START Source information
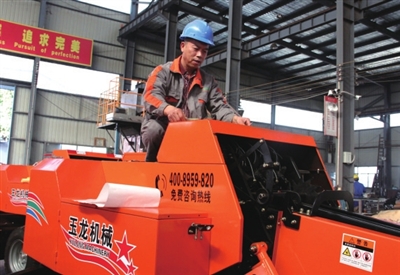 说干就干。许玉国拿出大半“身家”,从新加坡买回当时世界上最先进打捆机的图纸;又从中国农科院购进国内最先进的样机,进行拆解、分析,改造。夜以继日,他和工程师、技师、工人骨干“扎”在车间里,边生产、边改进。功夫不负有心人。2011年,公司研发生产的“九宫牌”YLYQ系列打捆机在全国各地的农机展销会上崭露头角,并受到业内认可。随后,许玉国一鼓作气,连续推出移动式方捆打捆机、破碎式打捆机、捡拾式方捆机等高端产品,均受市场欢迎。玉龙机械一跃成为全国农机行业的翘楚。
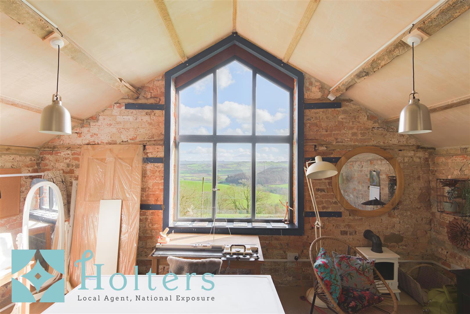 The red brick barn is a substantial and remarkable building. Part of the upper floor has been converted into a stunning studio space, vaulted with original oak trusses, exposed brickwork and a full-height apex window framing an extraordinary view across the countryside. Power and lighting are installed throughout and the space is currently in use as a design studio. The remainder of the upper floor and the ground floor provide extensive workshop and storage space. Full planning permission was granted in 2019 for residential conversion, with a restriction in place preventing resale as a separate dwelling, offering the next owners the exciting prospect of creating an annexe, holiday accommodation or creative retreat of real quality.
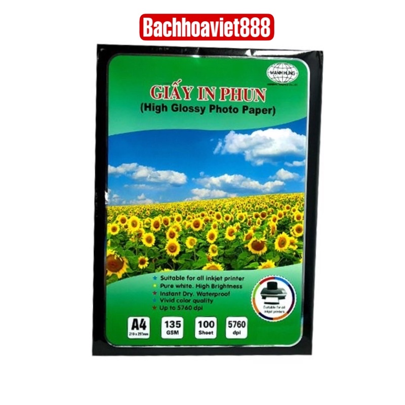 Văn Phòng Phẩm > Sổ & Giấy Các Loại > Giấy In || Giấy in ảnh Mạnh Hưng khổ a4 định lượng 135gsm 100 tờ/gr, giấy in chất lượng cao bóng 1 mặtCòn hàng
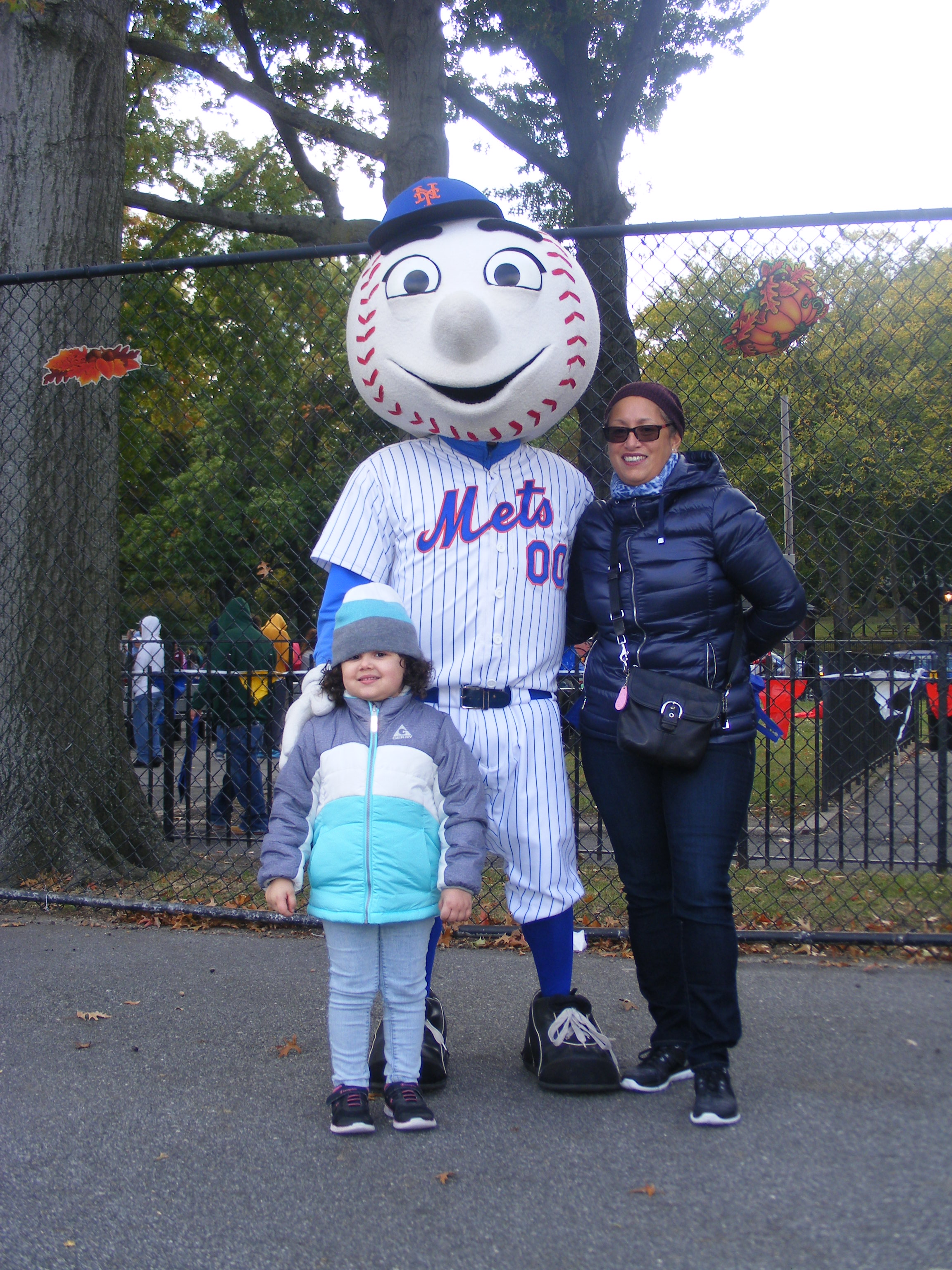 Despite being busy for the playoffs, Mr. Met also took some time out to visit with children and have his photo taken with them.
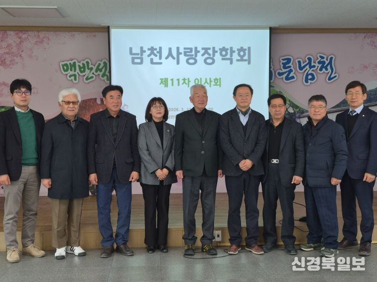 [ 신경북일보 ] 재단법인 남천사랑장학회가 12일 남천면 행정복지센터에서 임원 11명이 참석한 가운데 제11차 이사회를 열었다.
END Source information
» Exercise
Exactly reproduce the lines beginning at the one that contains "The red brick" and ending at the final line of the material, with the pictures left out.

» Worked solution
 The red brick barn is a substantial and remarkable building. Part of the upper floor has been converted into a stunning studio space, vaulted with original oak trusses, exposed brickwork and a full-height apex window framing an extraordinary view across the countryside. Power and lighting are installed throughout and the space is currently in use as a design studio. The remainder of the upper floor and the ground floor provide extensive workshop and storage space. Full planning permission was granted in 2019 for residential conversion, with a restriction in place preventing resale as a separate dwelling, offering the next owners the exciting prospect of creating an annexe, holiday accommodation or creative retreat of real quality.
 Văn Phòng Phẩm > Sổ & Giấy Các Loại > Giấy In || Giấy in ảnh Mạnh Hưng khổ a4 định lượng 135gsm 100 tờ/gr, giấy in chất lượng cao bóng 1 mặtCòn hàng
 Despite being busy for the playoffs, Mr. Met also took some time out to visit with children and have his photo taken with them.
 [ 신경북일보 ] 재단법인 남천사랑장학회가 12일 남천면 행정복지센터에서 임원 11명이 참석한 가운데 제11차 이사회를 열었다.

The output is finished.